ばーとん

FAKEのばーとんのレビュー・感想・評価

FAKE(2016年製作の映画)
1.0
馬鹿々々しい。森達也のアプローチが悪い。冒頭で本映画の趣旨について
「あなたの怒りを撮りたいのではない、あなたの悲しみを撮りたいんです」などと宣言し、心理的な誘導を行っている。結果、佐村河内氏は終始寡黙な悲しみの人を演じる羽目になった。

ああいうタイプの人はとことん調子に乗せて饒舌に語らせた方が絶対に面白い。その饒舌の中から真実、或いは真実の綻びがみえてくる。だのに冒頭の宣言によって「余計なことを喋るな」と共犯者としての黙秘を暗に要求している。そんな風だから新垣氏や神山氏らに取材を拒否される。

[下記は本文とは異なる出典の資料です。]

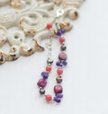 ちらちらと見え隠れする小さなシルバー色パーツ、グレイッシュトーンのなかで光を受けてきらきらするアメジストのブリオレットカット。シンプルなコーデに抑えたピンクとパープルが大人のスイートを添えて、白い肌にも日焼けした肌にも映えます。リゾートでもどうぞ。

森みたいな浅薄なブンヤの魂胆なんかとっくに見透かされてるよ。メディアが糞なのは周知だが、この森という人間もその糞メディアに最も近い男。

クライマックスで佐村河内氏がつくる楽曲が、お世辞にも出来が良いとは言えない粗末なモノなのは仕方ないとして、タイトルが「requiem」とは何の冗談か。そこは絶対に「Fake」だろうが。

ラストカットがまた小賢しい。「冷徹な視線を最後まで失わなかった」というポーズが鼻につくし、真実ってのは単純なものでなくもっと多義的なんだ、といった結論の押し付けが鬱陶しい。おそらくあれは台本だと思うよ。